A compound waveguide device contains a first optical waveguide, and a second optical waveguide placed in optical proximity to at least a portion of the first waveguide. The second waveguide (possibly electro-optically tunable), placed in optical proximity to the first waveguide, can be used for the coupling of optical energy, within a selectable spectral band, from the first waveguide to the second. The coupling effect between the first and second waveguides can be utilized in a variety of optical signal processing applications.
For example, in some filtering applications, efficient recollection of the coupled optical energy for further use (e.g., in signal detection or demodulation, source stabilization feedback) is required. Multiple wavelength bands may be transmitted through the first waveguide, in a wavelength division multiplexing (WDM) system, in which case the second waveguide can be used as a filter to extract information carried in one of the bands. If an electro-optic material (e.g., LiNbO.sub.3) is used to form the second waveguide, then the device can be configured as an active, electro-optically tunable filter. In another embodiment, the geometric and physical properties of the second waveguide itself may result in a useful passive filter inherently tuned to a particular wavelength of interest.
In another example, if an electro-optic material is used to form the second waveguide, the device can be configured as an intensity modulator for a fixed wavelength signal transmitted through the first waveguide. By applying an electric field to the second waveguide using, for example, a suitable high-speed electrode pattern, a refractive index change is induced in the second waveguide and a corresponding shift in the spectral response results. The transmitted intensity of the signal in the first waveguide can therefore be modulated by the shifting spectral response, resulting in a modulator which can operate up to microwave frequencies.

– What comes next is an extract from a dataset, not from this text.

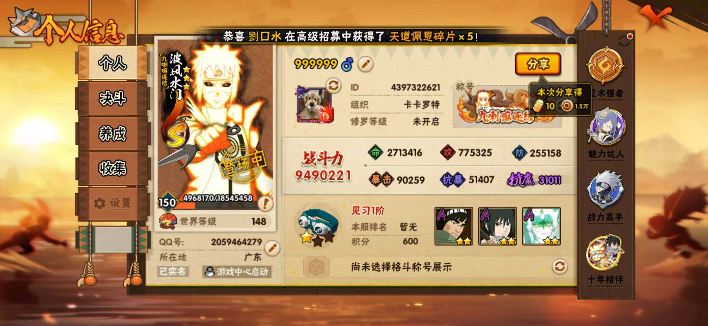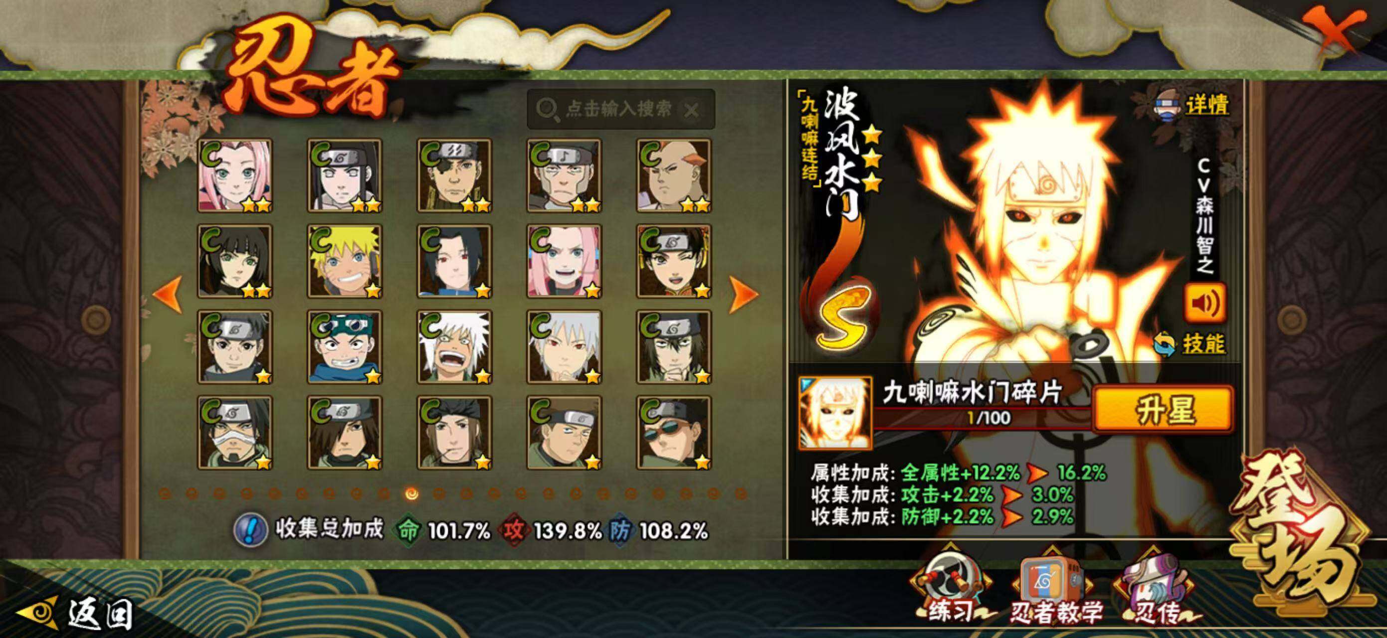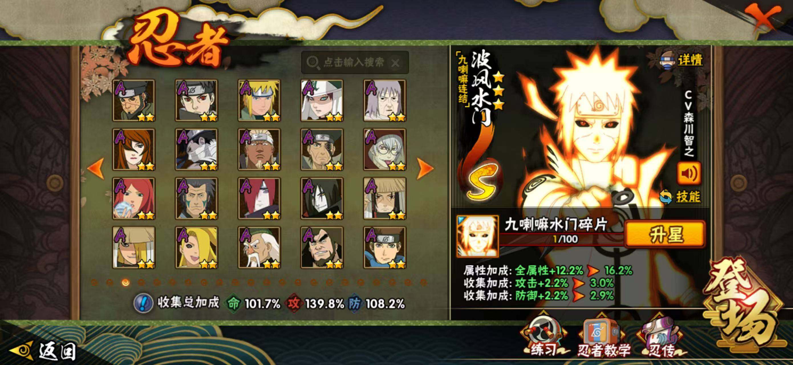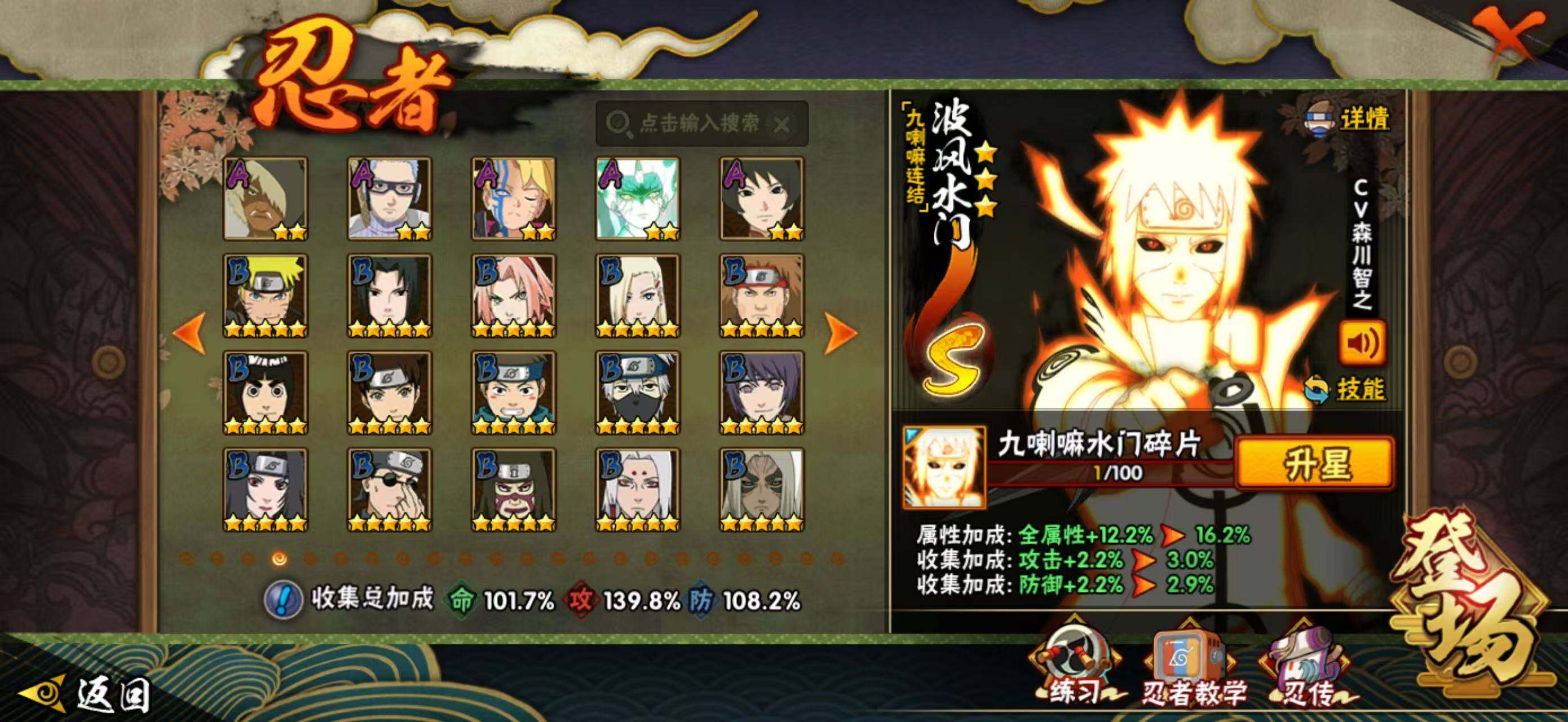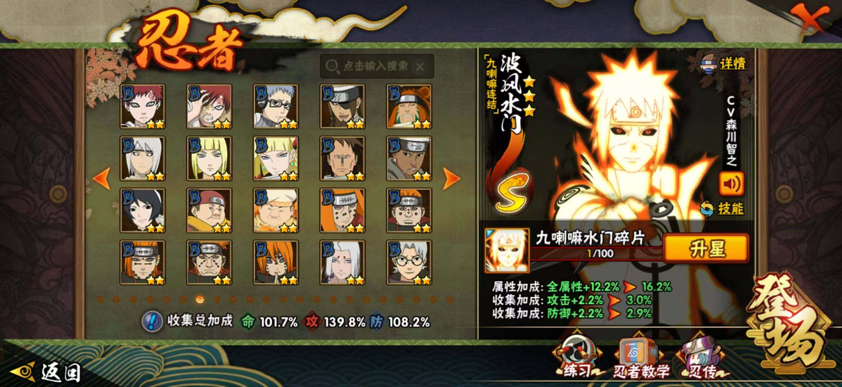 【S级忍者】:长门「秽土转生」(3星),猿飞日斩「秽土转生」(3星),千手扉间「秽土转生」(3星),宇智波斑「秽土转生」(3星),宇智波斑「秽土转生·解」(3星),春野樱「忍界大战」(3星),艾「忍界大战」(3星),宇智波鼬「须佐能乎」(3星),宇智波斑「木叶创立」(3星),千手柱间「木叶创立」(3星),自来也(3星),自来也「舞之豪杰」(3星),大蛇丸(3星),纲手「百豪」(3星),波风水门(3星),神秘面具男「红夜之刃」(3星),漩涡鸣

Depending upon the particular application, different coupling characteristics between the waveguides are required. However, certain improvements to these characteristics are commonly desired in many applications. Diffractive losses in the second waveguide itself, while in certain applications useful, in others may adversely affect the shape of the spectral response of the device. For example, eliminating diffractive losses is often desirable because recollection efficiency in a signal detection or demodulation device can be thereby improved.
The operation of the device is determined by its intrinsic spectral response and the electric field applied to the second, electro-optically tunable waveguide. In a filtering context, sharpening the coupling resonance, in either a bandpass or bandstop configuration, improves the spectral selectivity of the device. In a modulation context, steepening the edge of the coupling resonance can increase a modulation of an optical carrier transmission for a given amount of device tuning about the carrier wavelength. Therefore, for a given transmission modulation, steepening the coupling resonance lowers the operating voltage of the device. In either context, altering the geometry of the second, electro-optically tunable waveguide to increase the applied electric field and its distribution therein increases device tunability, and thereby improves its performance.
Therefore, what is required, is a compound waveguide device with improved tunability and which offers other improvements to known devices. In the filter context, preventing unnecessary diffractive losses in the second waveguide improves spectral selectivity and secondary coupling. In the modulator context, steepening the resonance edge increases device responsivity which allows for lower drive voltages.